*Data to use:*
>>

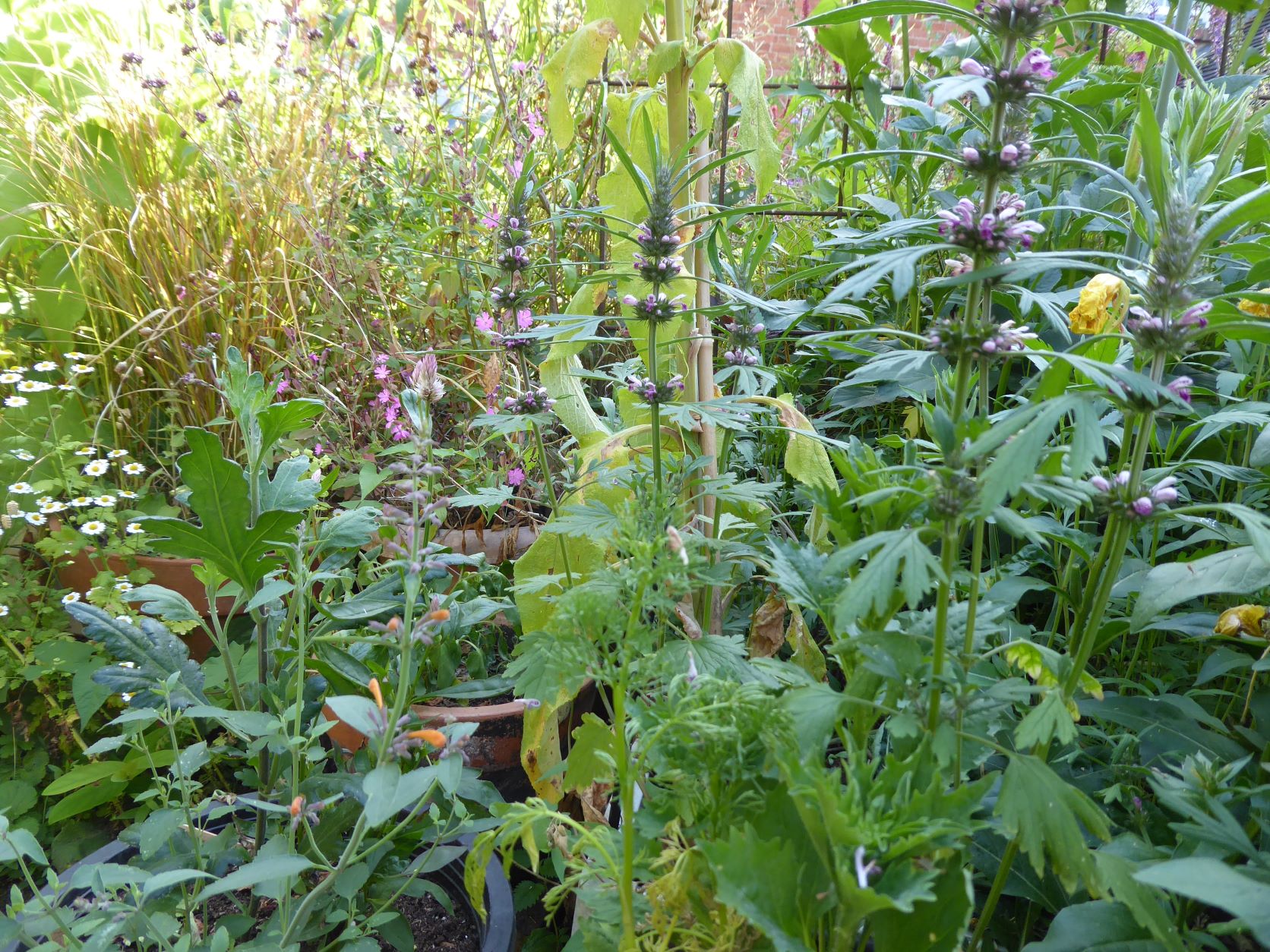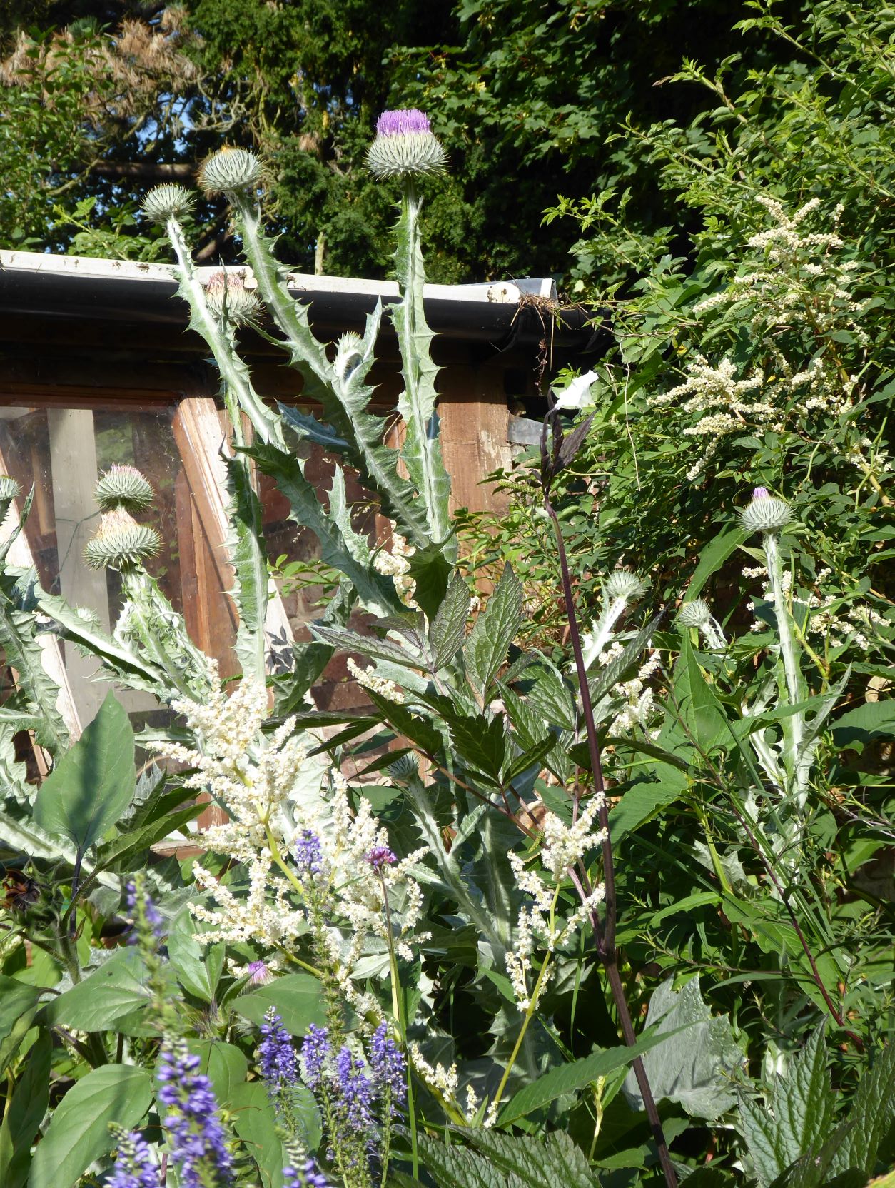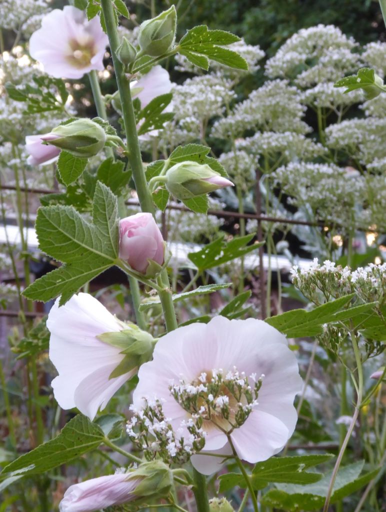 Valeriana officinalis is a good example of a perennial I let self seed , it is so delicate and tall and has the sweetest scent. In the image below it has self seeded behind the hollyhock, which I grew from seed years years ago.
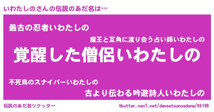 | ヒーロー風カッコイイあだ名 | 『炎刃騎士イワ』『ネオイワタシノ』 |
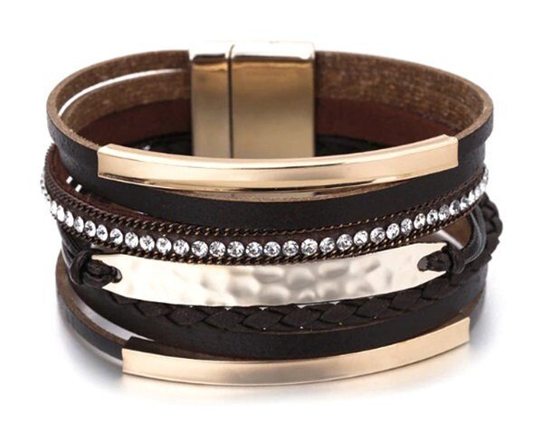 Браслет, арт.631402 Бижутерия 0, 0 гр., кожа , сталь , стекло
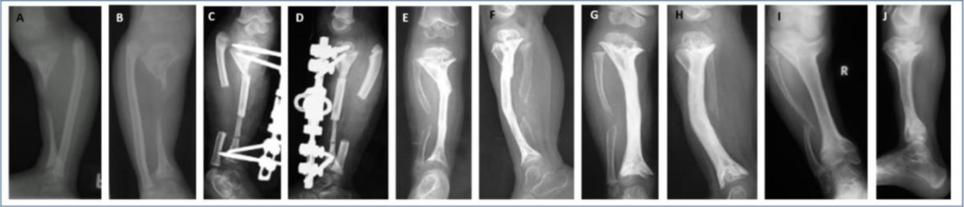 In another case, a fibular graft survived an early infection, but recurrence followed 1 year later. A successful debridement was followed by non-union. Union was achieved with several casts and braces. Tibial lengthening was performed 2 years later.
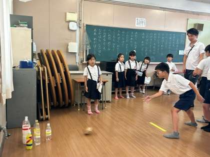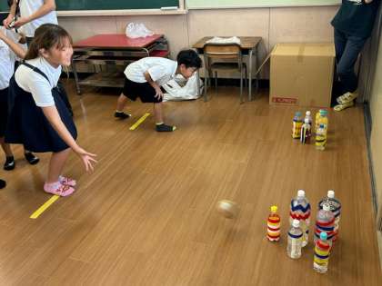 1年生横の遊びスペースに4年生の子どもたちを招待して、「ボーリング大会」が開催されました。
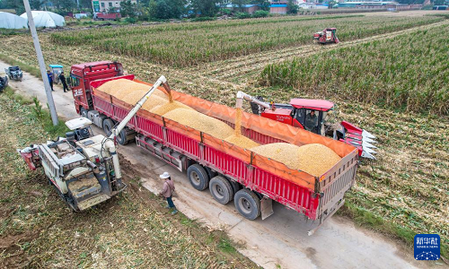 10月14日,在河南省商丘市夏邑縣會(huì)亭鎮(zhèn),收割機(jī)將收獲的玉米裝車(chē)(無(wú)人機(jī)照片)。(新華社發(fā) 王高超 攝)

<<

*Exercise:*
Above are the records. Copy word for word only their lines from the one holding "Браслет, арт.631402 Бижутерия" through the one holding "In another case, a", both included, and skip the images.

*Exercise solution:*
 Браслет, арт.631402 Бижутерия 0, 0 гр., кожа , сталь , стекло
 In another case, a fibular graft survived an early infection, but recurrence followed 1 year later. A successful debridement was followed by non-union. Union was achieved with several casts and braces. Tibial lengthening was performed 2 years later.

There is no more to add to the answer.